Step 1: Add a Device

Follow the steps to Connect a Device and configure the following parameters:

  • Device Type: Simulator
  • Driver Name: Generator
  • Enable Alias Topics: Select the checkbox.

Step 2: Add Tags

After connecting the device, add the following tag. See Add Tags to learn more.

Tag 1: input1

  • Name: Select S - Random value generator
  • Value Type: Select float64
  • Polling Interval: Enter 1
  • Tag Name: Enter input1
  • Min_value: Enter 101
  • Max_value: Enter 199

Step 3: Create Analytics Flows

You can now create the analytics flows using data from the device and tag you previously created.

To create an analytics flow with the Statistical Function Processor:

  1. In Litmus Edge, navigate to Analytics.
  2. On the analytics canvas, click Add processor.
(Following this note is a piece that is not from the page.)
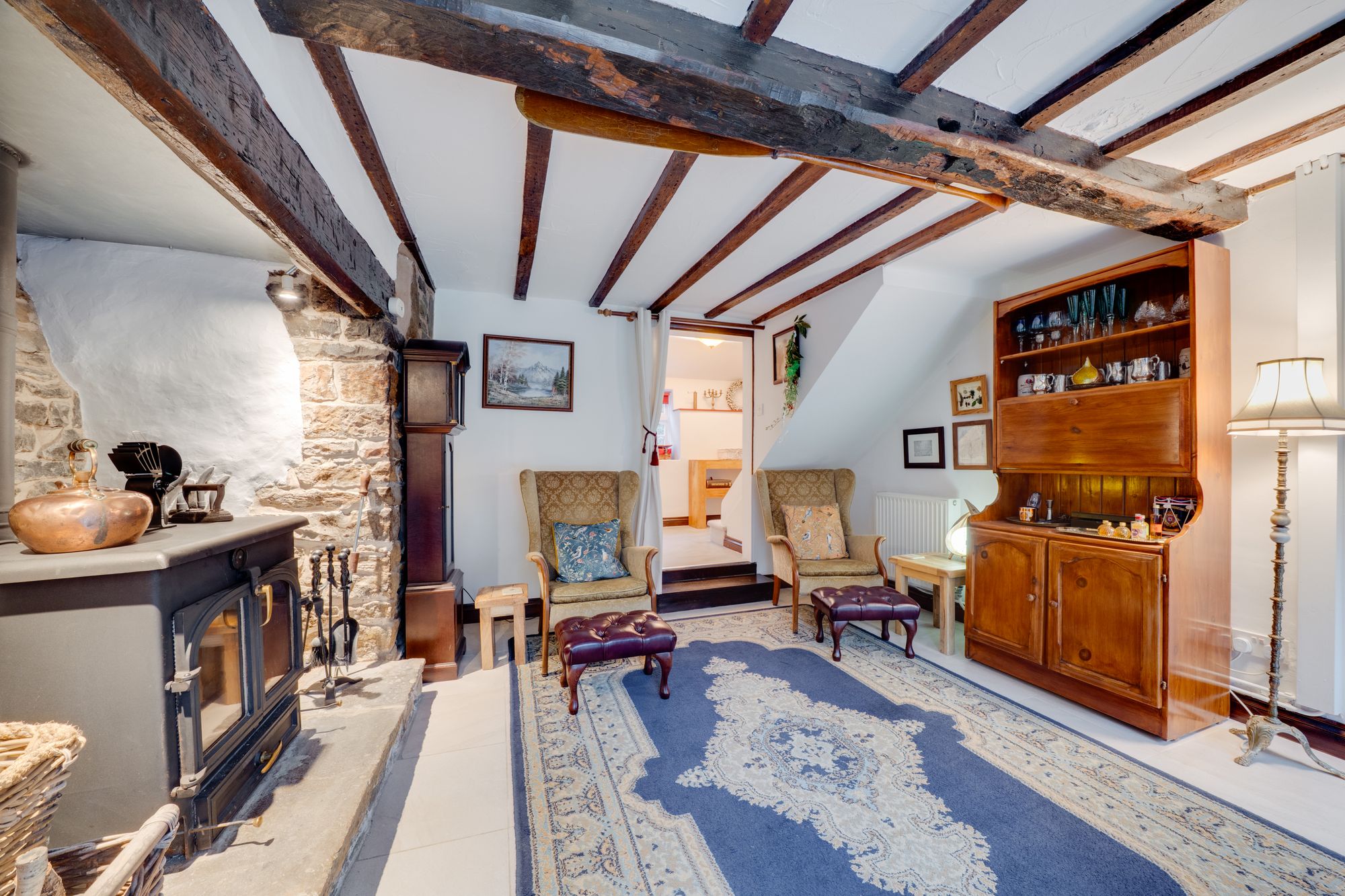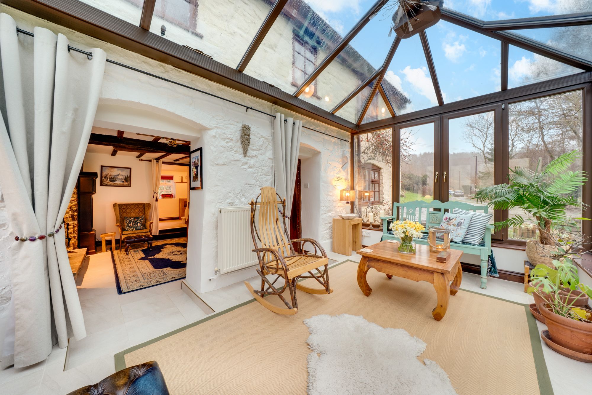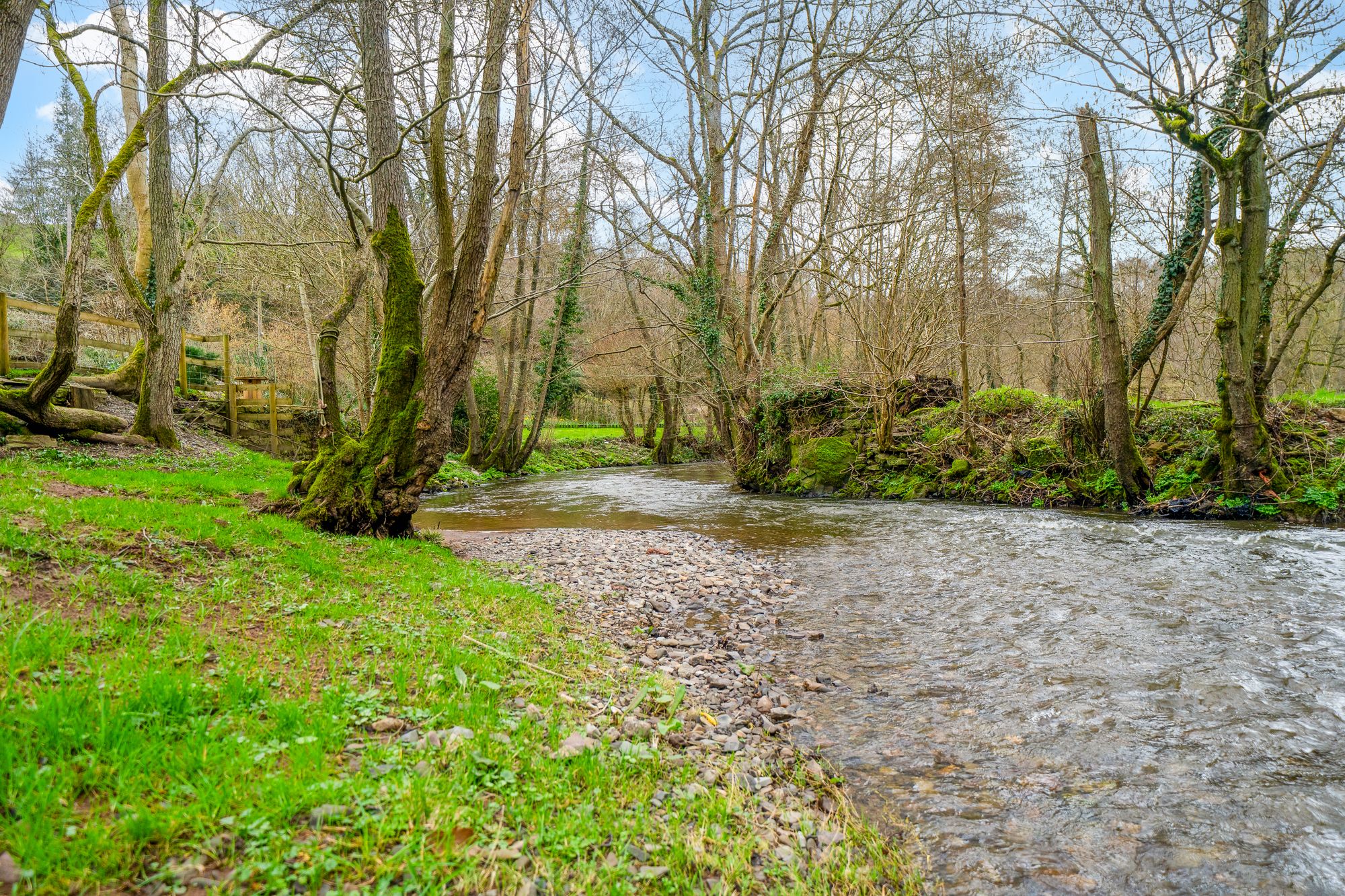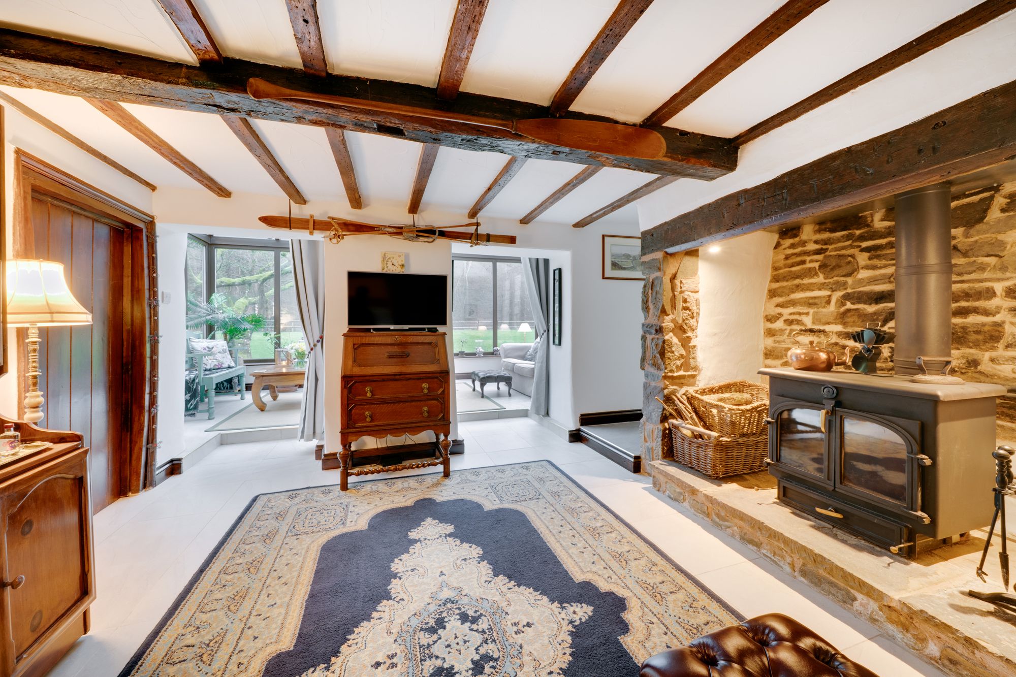 The cottage retains its historic character, with exposed beams, thick stone walls, and traditional features. From the entrance hall with stone floor and exposed beams, the accommodation flows into a cosy sitting room, centred around a character stone inglenook fireplace with a large wood‑burning stove, opening into a bright conservatory offering wide‑ranging views across the garden, river, driveway and woodland ridge. A snug, currently used as a study, includes a second working fireplace. The timber farmhouse kitchen is spacious and well-equipped, featuring integrated appliances, exposed beams, dual‑aspect windows and French doors opening to the patio. A utility room adjoins the kitchen, and a ground‑floor shower room provides further convenience.

The Create a processor dialog box displays.

    The Add processor option
    The Add processor option
    
  3. Select DataHub Subscribe.
  4. In the Topic field, click the Search icon, select the device you previously created, and then select the alias topic for the input1 tag.
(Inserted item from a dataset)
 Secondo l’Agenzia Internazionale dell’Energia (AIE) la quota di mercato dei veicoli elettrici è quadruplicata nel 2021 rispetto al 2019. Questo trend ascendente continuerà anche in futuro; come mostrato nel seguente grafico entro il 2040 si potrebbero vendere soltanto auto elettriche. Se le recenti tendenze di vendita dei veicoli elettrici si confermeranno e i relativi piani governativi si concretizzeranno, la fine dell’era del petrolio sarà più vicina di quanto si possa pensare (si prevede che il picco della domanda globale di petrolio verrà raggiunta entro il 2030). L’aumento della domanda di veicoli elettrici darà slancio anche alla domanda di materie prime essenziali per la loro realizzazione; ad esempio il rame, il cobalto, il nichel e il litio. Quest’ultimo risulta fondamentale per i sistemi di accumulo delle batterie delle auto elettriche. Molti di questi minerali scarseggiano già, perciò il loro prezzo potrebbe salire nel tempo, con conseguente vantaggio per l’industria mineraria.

    Create a Processor dialog box
    Create a Processor dialog box
    
  5. Click Save.
  6. Click Add processor again and select the Statistical Function processor. The Edit a Processor dialog box appears.
    • Window Size: Enter a value that represents the range to apply the statistical tests. For this example, we input a value of 100.
    • Select the Jarque Bera, Anderson Darling, Cramer Von Mises, D Agostino Pearson, and Kolmogorov Smirnov checkboxes.
    • Click Save.

      Edit a Processor dialog box
      Edit a Processor dialog box
      
  7. Connect the DataHub Subscribe processor (tag: input1) to the Statistical Function processor with a wire and use the events connection.
  8. On the analytics canvas, click Save. The configured analytics flows should look like the following:
Completed Flows Canvas
Completed Flows Canvas


Step 4: View Output of Processor

Click the View icon in the Statistical Function processor to view the output values.

The tests suggest the sample data may not fit a normal distribution, as indicated by the p-values and test statistics provided.

Output of Statistical Test Function
Output of Statistical Test Function